If this is your first year, have you saved any burr comb? If you did, place some in that used shallow you have. If you're handy you can "add on" to that shallow and make it the size of a medium or deep by attaching a 2 to 4 inch shim to give it more depth. Buy some lemon grass oil and put a few drops on a Q-tip or piece of paper towel and place that in a half open sandwich bag. Place the bag in the floor of the shallow.

Wait until early spring to do the above and then place your box either in your bee yard or in any logical place where there's a huge amount of trees and flowers. Another option is you can covertly find out where other beginner beehives are and place your bait box nearby. Some beginners don't keep up with their bees progress and fail to add appropriate space so their hive swarms. (This is why odfrank is so successful). 

There are plenty of resources and information about catching swarms on this site and on-line.

Good luck this spring.


----------



## firebug (Aug 27, 2011)

Do we have enough swarms to make trapping them worth my time. I am outside every day, I hunt, fish and farm and I have never seen a swarm of bees.


----------



## Charlie B (May 20, 2011)

I would ask local beekeepers there about that.
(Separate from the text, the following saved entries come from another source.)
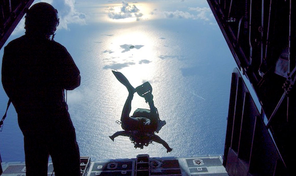 Pararescue specialists jumping out of the C-130. (Courtesy Photo: USAF ANG 106)
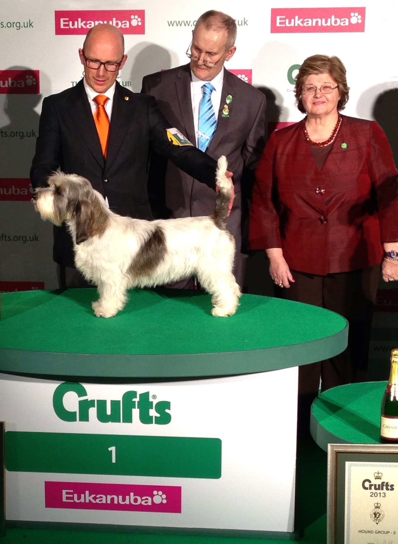 Hound group winner at Crufts 2013, PBGV, Soletrader Peek A Boo, Jilly, Gavin Robertson (handler), Ben Reynolds-Frost (group judge) and Carla Mollinari, President of Portuguese KC
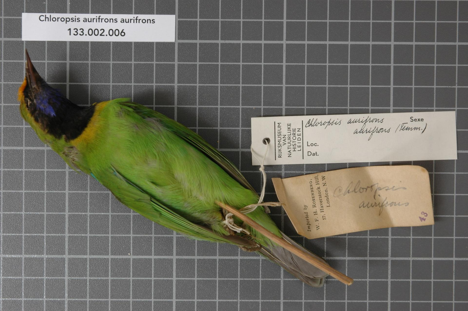 Chloropsis aurifrons aurifrons (Temminck, 1829)

Good luck.


----------



## Grant (Jun 12, 2004)

firebug said:


> Do we have enough swarms to make trapping them worth my time. I am outside every day, I hunt, fish and farm and I have never seen a swarm of bees.


Just you can't see them doesn't mean they aren't there. We had a hurricane roll through town many years ago. I had two dozen calls from people who said, "The hurrican blew down a big tree and bees moved in while it was on the ground. You need to come get them out for the tree trimmer." I tried to explain the bees had been there all summer...but they said they never saw a bee in the yard at all.
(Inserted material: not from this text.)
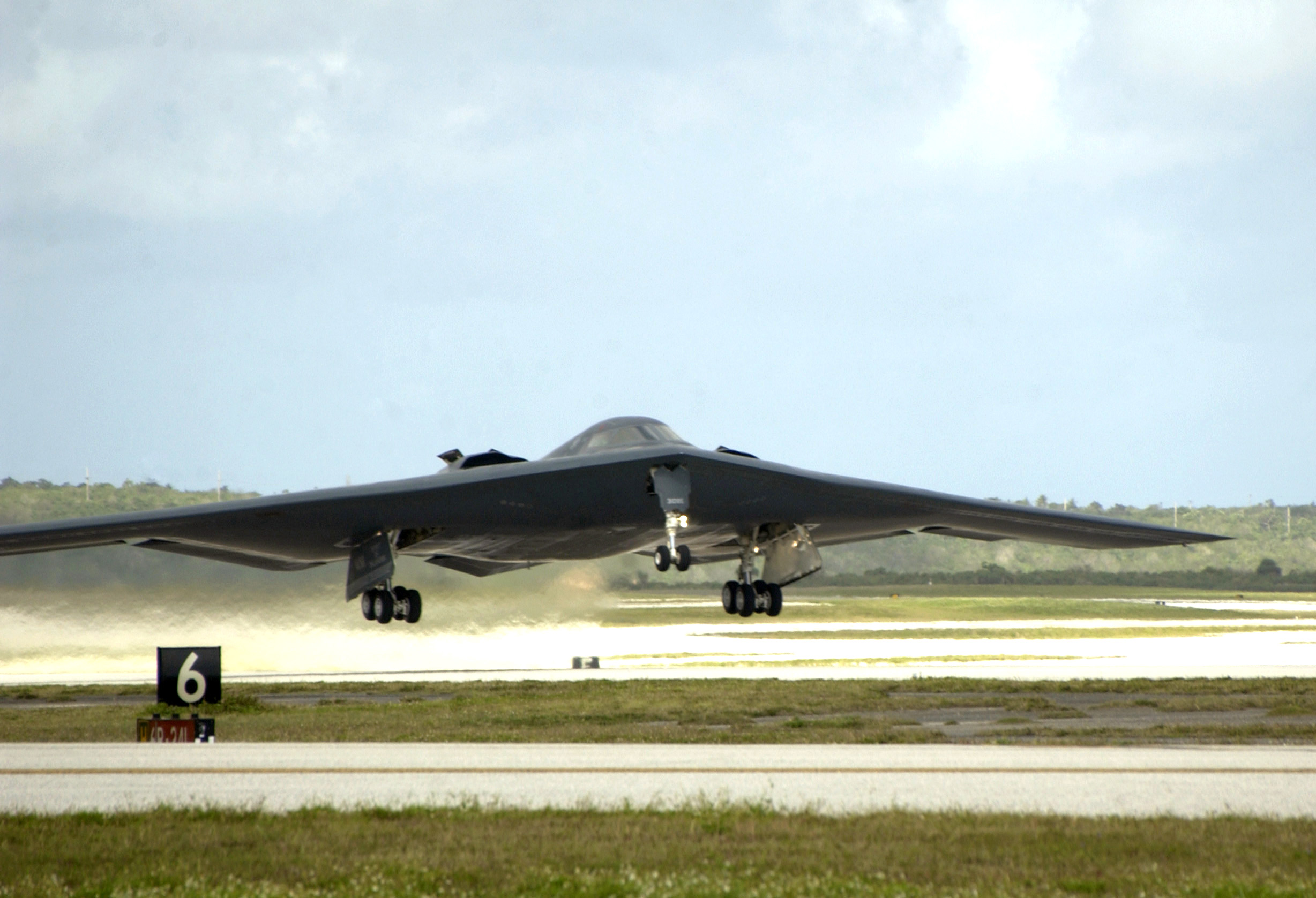 ANDERSEN AIR FORCE BASE, Guam - A B-2 Spirit stealth bomber takes off from here March 30. The B-2 Spirits and more than 270 personnel from the 393rd Bomb Squadron at Whiteman Air Force Base, Mo., are deployed here in support of Pacific Command's continuous bomber presence in the Asia-Pacific region.

I've been to lakes where people said, "Ain't no fish in that water." Sometimes you just got to try fishing with different bait to get different results.
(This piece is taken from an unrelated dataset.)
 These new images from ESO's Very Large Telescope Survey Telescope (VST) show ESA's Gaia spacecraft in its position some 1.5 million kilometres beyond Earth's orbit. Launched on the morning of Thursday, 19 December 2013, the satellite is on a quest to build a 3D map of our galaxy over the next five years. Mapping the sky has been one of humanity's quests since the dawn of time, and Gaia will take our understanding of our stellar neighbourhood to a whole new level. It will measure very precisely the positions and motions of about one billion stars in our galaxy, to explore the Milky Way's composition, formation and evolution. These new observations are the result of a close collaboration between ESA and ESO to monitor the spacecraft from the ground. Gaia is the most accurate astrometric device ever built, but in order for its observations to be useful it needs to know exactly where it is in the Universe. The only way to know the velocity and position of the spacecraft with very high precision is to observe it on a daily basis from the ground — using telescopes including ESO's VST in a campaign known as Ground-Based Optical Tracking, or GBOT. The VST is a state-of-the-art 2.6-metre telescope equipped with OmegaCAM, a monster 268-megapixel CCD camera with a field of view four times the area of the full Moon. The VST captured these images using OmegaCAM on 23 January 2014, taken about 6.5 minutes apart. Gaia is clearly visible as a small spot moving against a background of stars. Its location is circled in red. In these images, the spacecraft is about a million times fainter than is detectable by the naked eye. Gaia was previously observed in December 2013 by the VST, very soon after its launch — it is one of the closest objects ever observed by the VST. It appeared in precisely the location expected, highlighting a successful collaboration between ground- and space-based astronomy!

You can build bait hives out of cardboard boxes, old packing crates and bait them with lemon grass oil. Or buy a commercial pheromone lure for $5. There's a hundred different ways to catch swarms, even when you swear there aren't any around.

I got more information if you drop me an e-mail to [email protected] where I can attach stuff I already have printed up. Put "swarm info" in the subject line. It's free.

Grant
Jackson, MO


----------



## LetMBee (Jan 4, 2012)

Firebug: 
I live in a very agricultural area of Indiana (as in ALL mono cropped soybeans and corn). I didn't see honeybees around my place at all prior to getting bees. This spring I moved all of my bees to out yards in order to transition newly caught swarms to hives at the house. I had 4 swams come into traps that were either in trees around the house or setting around waiting to be deployed. 

I would actually be surprised if you built traps and didn't catch anything. They are out there. I look at it as a huge bonus. Feral bees are living in this tough environment, and swarming, therefore they may have a better chance at surviving in your hives in the same environment. Make 5 or 10 traps, and place them near major drainages, like a river or large creek that has a tree line consisting of large trees. Just as in fishing, that is the "pattern" that has been working for me.

Goto: http://www.savethehives.com/fbp/Map.html
That is supposed to be a database of feral bee reports. See if any of them are close to you.


----------



## KQ6AR (May 13, 2008)

Keep in mind you'll need a complete hive for every swarm you catch. We shook a lot of swarms onto foundation, & most stayed in the box.


----------